A function is needed to interpret the PROPDMGEXP and CROPDMGEXP fields which multiply PROPDMG and CROPDMG by varying powers of 10. damage(x, y) calculates the actual damage of \(x.10^y\) where x is the coefficient, PROPDMG, and y is the exponent, PROPDMGEXP.

damage <- function(x, y) {
    exp <- ifelse(is.numeric(y), 
                  y,
                  ifelse(y %in% c("h", "H"),
                         2,
                         ifelse(y %in% c("k", "K"),
                                3,
                                ifelse(y %in% c("m", "M"),
                                       6,
                                       ifelse(y %in% c("b", "B"),
                                              9,
                                              0
                                              )
                                       )
                                )
                         )
                  )
    x * (10 ^ exp)
}

To quantify the effect on population health (people) we will add the number of fatalities and injuries. To quantify the cost (cost) we will add the property and crop damages.

suppressMessages(library(dplyr))
storm.summary <- storm.data %>%
    group_by(EVTYPE) %>%
    mutate(property = damage(PROPDMG, PROPDMGEXP),
           crop = damage(CROPDMG, CROPDMGEXP)) %>%
    summarize(people = sum(FATALITIES + INJURIES), 
              fatalities = sum(FATALITIES),
              injuries = sum(INJURIES),
              property = sum(property),
              crop = sum(crop),
              cost = sum(property + crop))

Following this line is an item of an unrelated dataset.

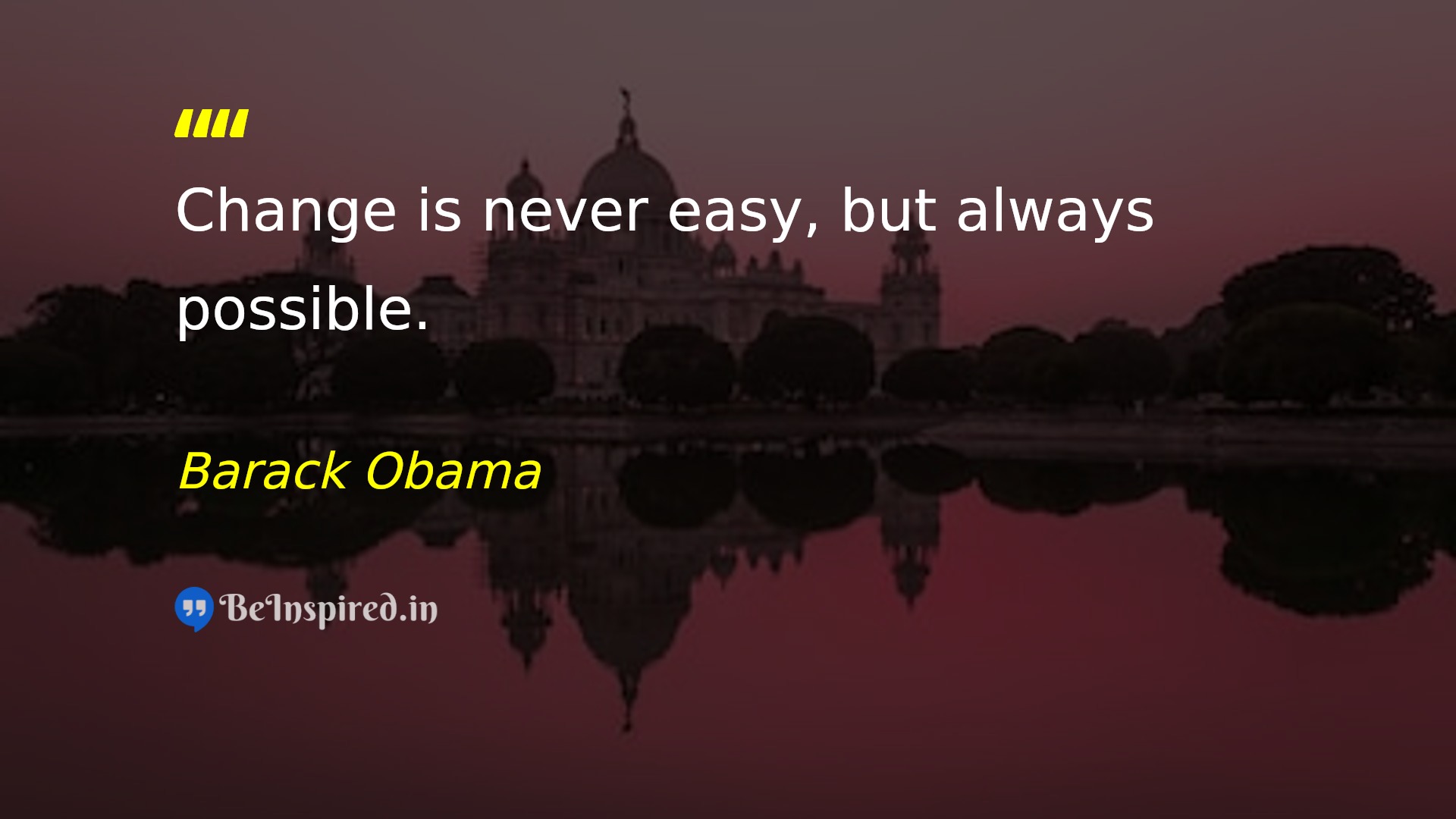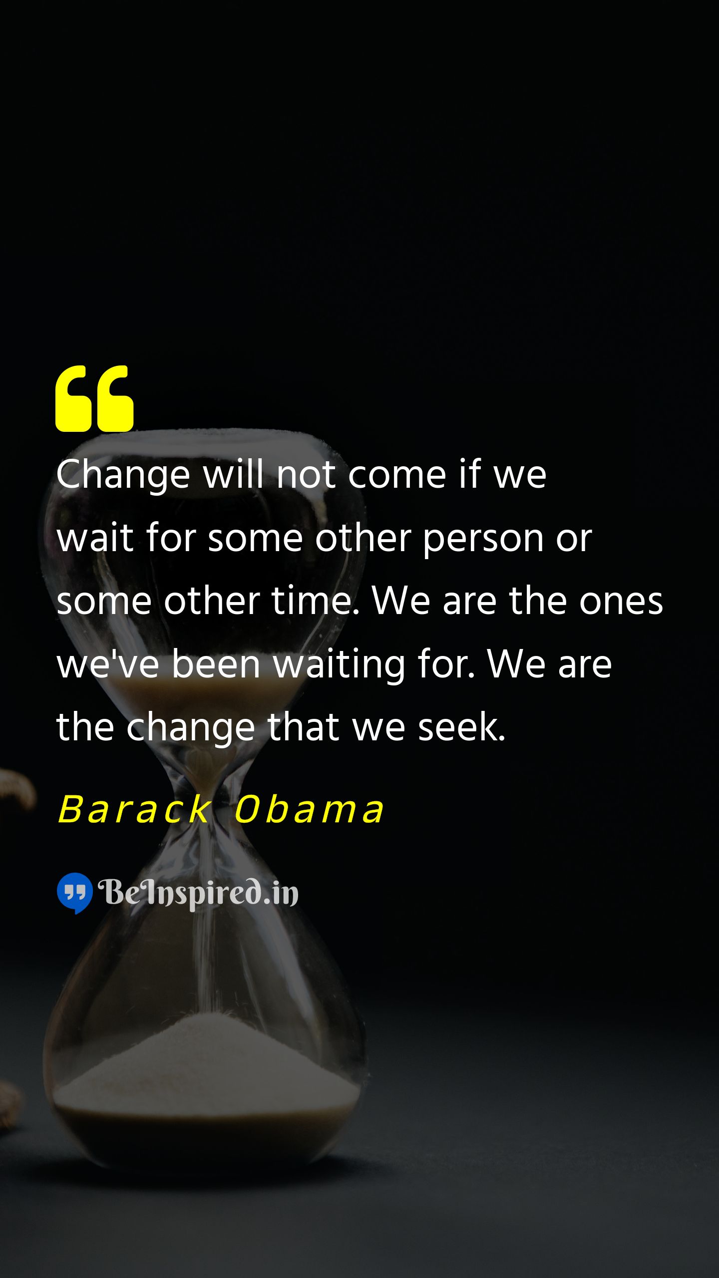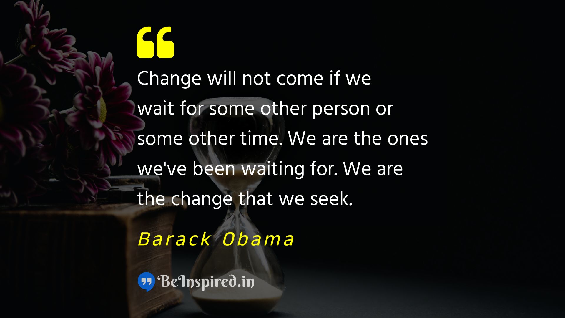 Change will not come if we wait for some other person or some other time. We are the ones we've been waiting for. We are the change that we seek.

There are 985 distinct values of event type in the data. According to section 2.1.1 of the Storm Data Documentation there are only 48 permitted events. Rationalize this using a regular expression for each permitted events. This does not need to be perfect, as long as it rationalizes the results to give a unique set of values for the top 10 results. Existing strings will be retained for any items that do not match.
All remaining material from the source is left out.